**Extracted entries:**

+ + +

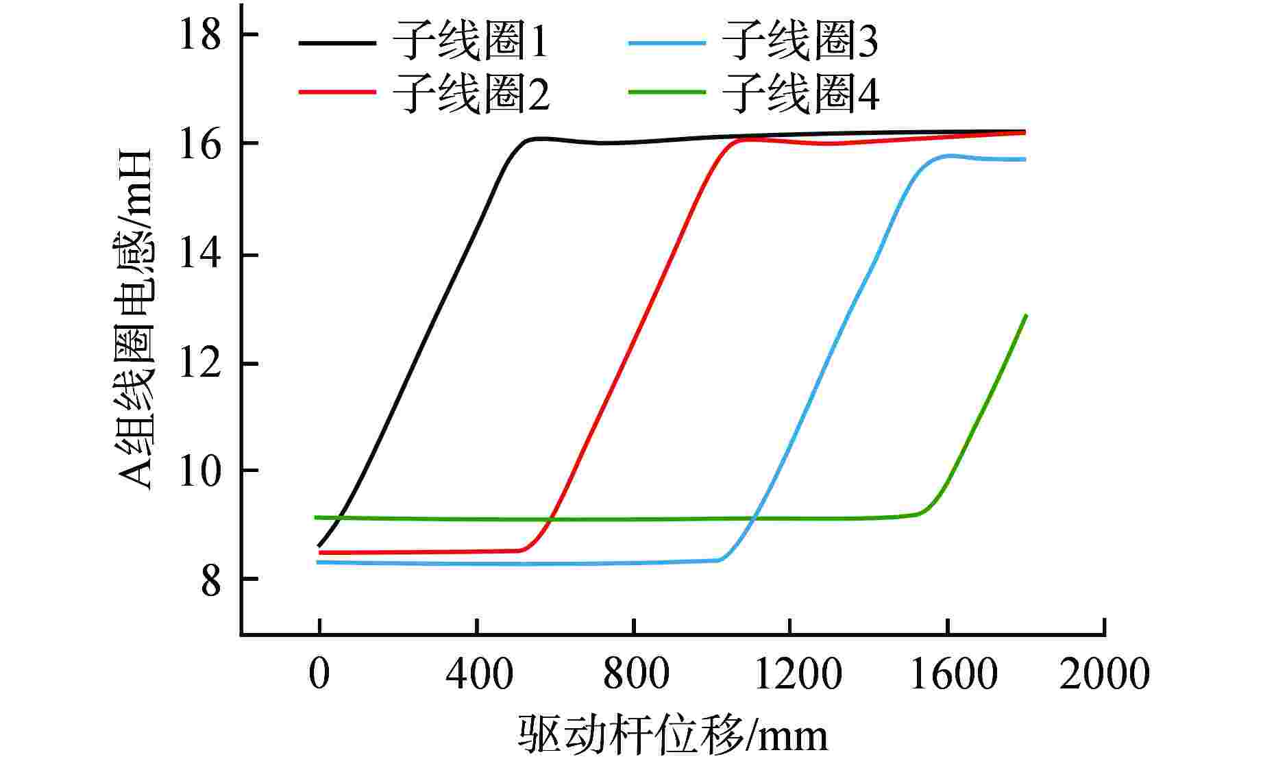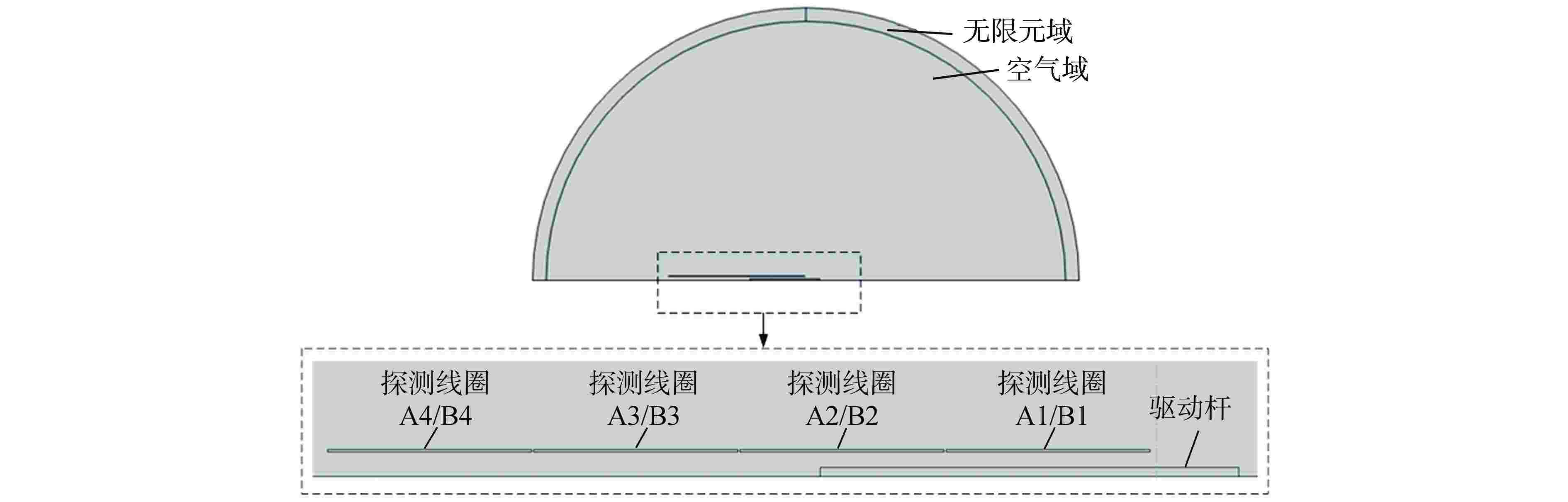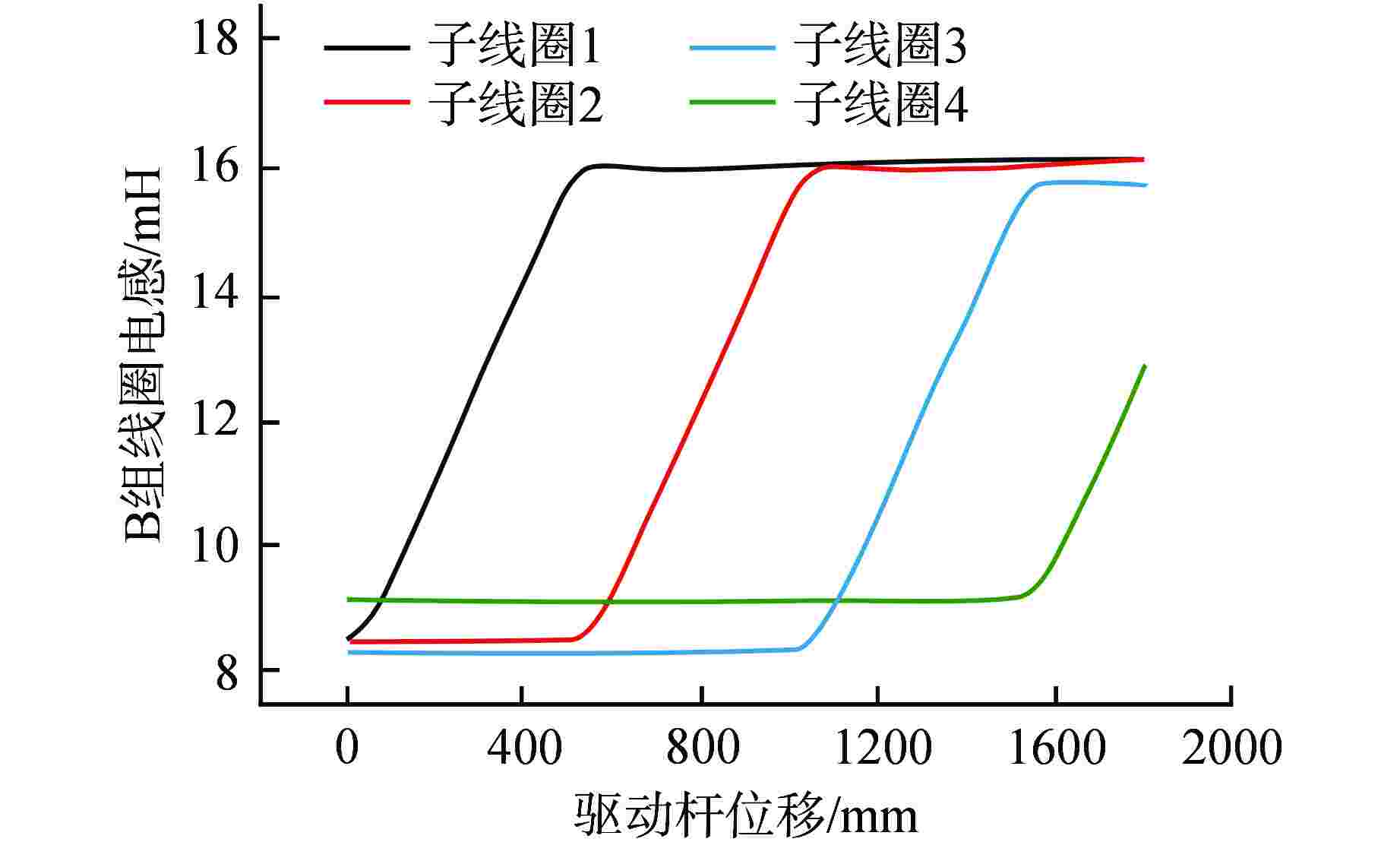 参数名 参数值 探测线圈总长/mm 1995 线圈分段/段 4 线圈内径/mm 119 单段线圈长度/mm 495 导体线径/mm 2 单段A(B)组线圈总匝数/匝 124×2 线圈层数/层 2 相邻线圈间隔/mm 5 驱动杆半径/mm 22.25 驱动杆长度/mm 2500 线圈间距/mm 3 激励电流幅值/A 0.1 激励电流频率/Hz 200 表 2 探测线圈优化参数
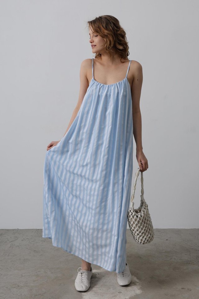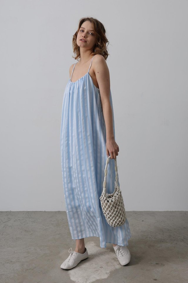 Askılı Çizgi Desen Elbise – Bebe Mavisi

+ + +

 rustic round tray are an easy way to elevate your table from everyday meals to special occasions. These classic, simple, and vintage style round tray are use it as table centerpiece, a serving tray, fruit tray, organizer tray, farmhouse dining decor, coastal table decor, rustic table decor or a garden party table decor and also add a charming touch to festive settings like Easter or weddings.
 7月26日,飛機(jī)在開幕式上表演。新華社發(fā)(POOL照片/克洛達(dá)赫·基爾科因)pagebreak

+ + +

What is needed is an exact copy of the lines above from the one with "参数名 参数值 探测线圈总长/mm" to the one with "Askılı Çizgi Desen Elbise – Bebe Mavisi", both ends kept, and nothing more; please leave the pictures out.

**Written reply:**
 参数名 参数值 探测线圈总长/mm 1995 线圈分段/段 4 线圈内径/mm 119 单段线圈长度/mm 495 导体线径/mm 2 单段A(B)组线圈总匝数/匝 124×2 线圈层数/层 2 相邻线圈间隔/mm 5 驱动杆半径/mm 22.25 驱动杆长度/mm 2500 线圈间距/mm 3 激励电流幅值/A 0.1 激励电流频率/Hz 200 表 2 探测线圈优化参数
 Askılı Çizgi Desen Elbise – Bebe Mavisi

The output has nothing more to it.